Он полагал, что убил в Рите не только тоску о потерянном мире, но и саму память о нем.
И он был почти прав.
Тихое отчаяние и далекий зов снаружи выгнали ее из клетки. Она распахнула дверь комнаты, в которой жила и спала на голом полу, и ее взгляду открылся длинный коридор. В конце коридора чернел прямоугольник заветной двери; за этой дверью был ее теперешний рай.
…Давным-давно, в другой жизни, на одной из верхних планет, она пыталась представить себе рай и ей никогда не удавалось сделать это; но зато она очень хорошо представляла приближение к нему – долгий полет внутри мрачного коридора, стены которого были сгустившимся мраком.
С каждым мгновением удалялось оставшееся позади грязное, плоское, человеческое и не было ничего хуже человеческой грязи – омерзительной блевотины с одуряющим запахом. Ни одно животное не могло произвести такой исключительной грязи, какую производили люди, – может быть, потому, что она имела значение только для им подобных…
Но впереди, в конце черного коридора, было разлито волшебное сияние, нежное, как лунный свет, однако обещавшее гораздо больше – целый блистающий мир, слишком прекрасный, чтобы пачкать его жалкими человеческими словами. От этого свечения захватывало дух; даже в снах, а может быть, именно в снах у Риты щемило сердце от тоски по всему несбыточному, тому, что существовало только в конце черного коридора и нигде больше в целом мире. Бывало, она просыпалась со следами высохших слез на висках и после этого целый день была, как больная.
Сейчас ее не коснулась даже слабая тень тех ощущений. Только инстинкт двигал ею, инстинкт, гнавший Риту в ночь.
Она бесшумно выскользнула из комнаты, готовая каждую минуту шмыгнуть обратно, и услышала хрипы, вырывавшиеся из ЕГО полуоткрытого рта.
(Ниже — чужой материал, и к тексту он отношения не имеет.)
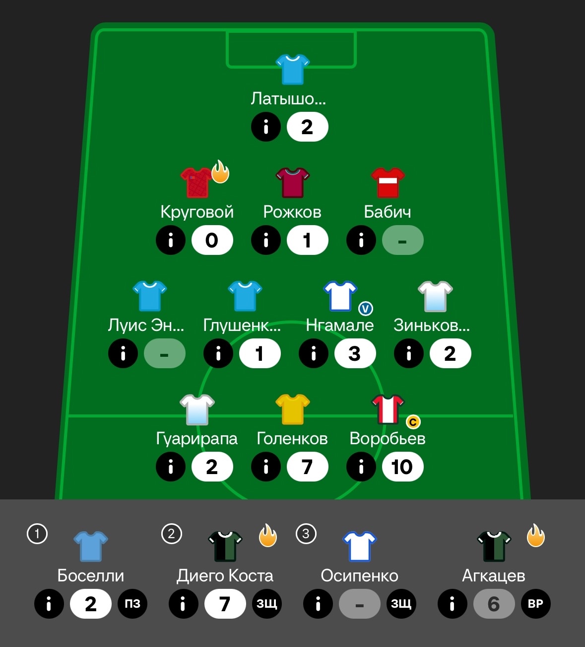 Таким был состав на игровой тур:

Острое отвращение, охватившее ее, было уже совсем человеческим чувством, но она не поняла этого. Возможно, именно отвращение помогло Рите нарушить табу, казавшееся незыблемым, и превратило липкий страх перед Хозяином Вселенной в кнут, подстегнувший ее.
Целую вечность она кралась по длинному коридору под аккомпанемент его хрипов к двери, за которой были луна, небо и отсутствие стен. Она столько раз ходила этой дорогой с надетым ошейником, впившимся в горло, что знала наизусть каждый квадратный сантиметр пола; ей были неизвестны только последние несколько метров перед самой дверью – ее terra incognita. Здесь Хозяин всякий раз поворачивал направо, в узкий боковой проход, ведущий во внутренний дворик, где она три раза в сутки справляла нужду.
И в это время еще одно рудиментарное чувство шевельнулось в ней – она ощутила сладкое предвкушение мести. Кухня находилась где-то рядом; Рита никогда не была в ней, но видела, откуда Хозяин приносил еду и воду. По какой-то странной, болезненно-необъяснимой для нее причине она ассоциировала с кухней блеск металлических предметов, среди которых могли быть и предметы для убийства.
Она оказалась у приоткрытой двери в спальню. Бог, поверженный не столько алкоголем, сколько ее безграничным отвращением, предстал перед ее взглядом в необычном ракурсе – она видела только его тяжелый, плохо выбритый подбородок и кадык, заметно дергавшийся при каждом выдохе. Все лишнее исчезло, растворившись в зыбком мареве, – остался только кадык, пульсирующий бугор плоти, в котором была заключена враждебная жизнь.